Coming Full Circle: Contributing to the Python Project Matrix-Nio


Somewhere around 15 years ago, I started learning Python because I’d gotten deep into genealogy and started using the free and open source project Gramps. As I was also pretty deep into free software (somewhere around that time I became a supporting member of the FSF for a few years – and I think my smile.amazon.com still donates to them) I got interested in the idea of helping projects by contributing code. Python seemed like it wasn’t too hard to learn (compared to C++), so I started learning. I never did end up contributing to Gramps as I found GUI programming incredibly hard. In fact, it was something like 6 years ago before I created some useful GUIs (that weren’t copied out of tutorials) and only last year that I started making good, competent GUIs using the QT toolkit.

Slowly I created more complex Python programs that solved various problems I had. But it was in 2019 that I started making complex projects with pytest, flake8, learning about decorators, etc and started reaching a certain level of mastery in the language. (Which is not to say mastery of the language, but certainly rising above casual tinkerer beginner level)

Also, long-time readers of the blog know that I support self-hosting so that you’re not the product and also so that services can’t be yanked away from you, so recently I started running my own matrix.org server, using the Synapse reference implementation. (In case you don’t know, Matrix is a federated version of a Slack-like app – basically IRC on steroids). As part of my garage IOT project, I wanted to have it be able to send a message into a Matrix room to let me know if the door has opened or closed. So I needed a Python library to interact with Matrix (rather than speaking at the level of http GET and POST urls). That led me to matrix-nio, the library recommended by the Matrix devs since they’re unable to maintain their own Python SDK.

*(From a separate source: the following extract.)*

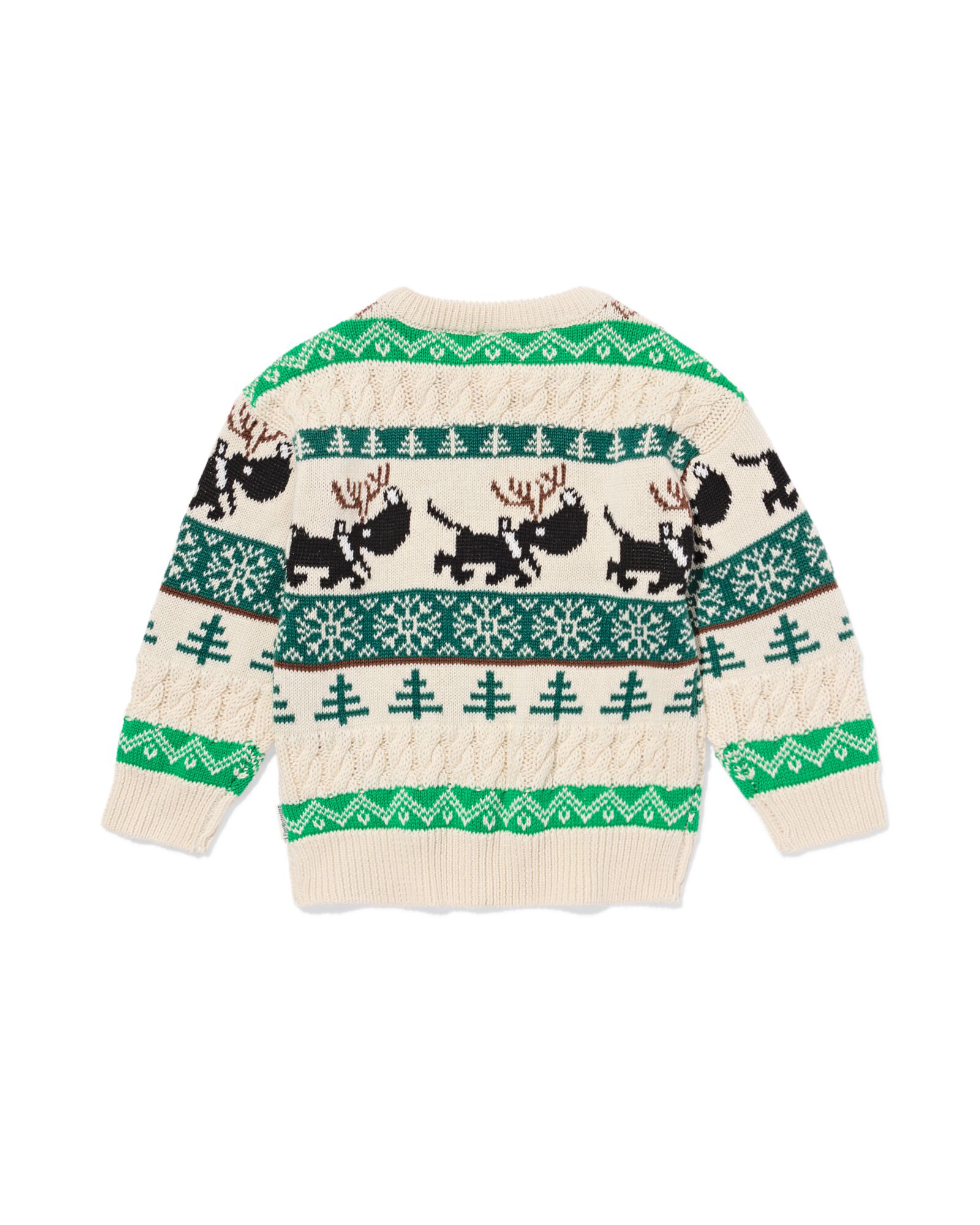 Deze fijngebreide pullover zit lekker en heeft een ronde hals, lange mouwen en knopen op de schouder. Op de voorkant zie je takkie uit jip en janneke. Gemaakt van zacht katoen uit biologische teelt.

I wanted to be able to have the user try and register their bot if they didn’t already have an account for it on their matrix server, but matrix-nio lacked both registration and deactivation methods. I put in a feature request for those features. When poljar, the project maintainer, marked it as a good issue for a beginner, I decided to jump in and try and implement it myself. It wasn’t easy – it involved Python’s async library, which I know nothing about, and a way of implementing the repo that was very different from the way I would have done it (not wrong, just different – and probably more like how I should do it given poljar’s experience programming). But I’m now the 3rd biggest contributor to the code base and I still haven’t implemented my deactivation code!

It’s pretty awesome to finally be able to give back to an open source project! I hope many others will be able to benefit from my code.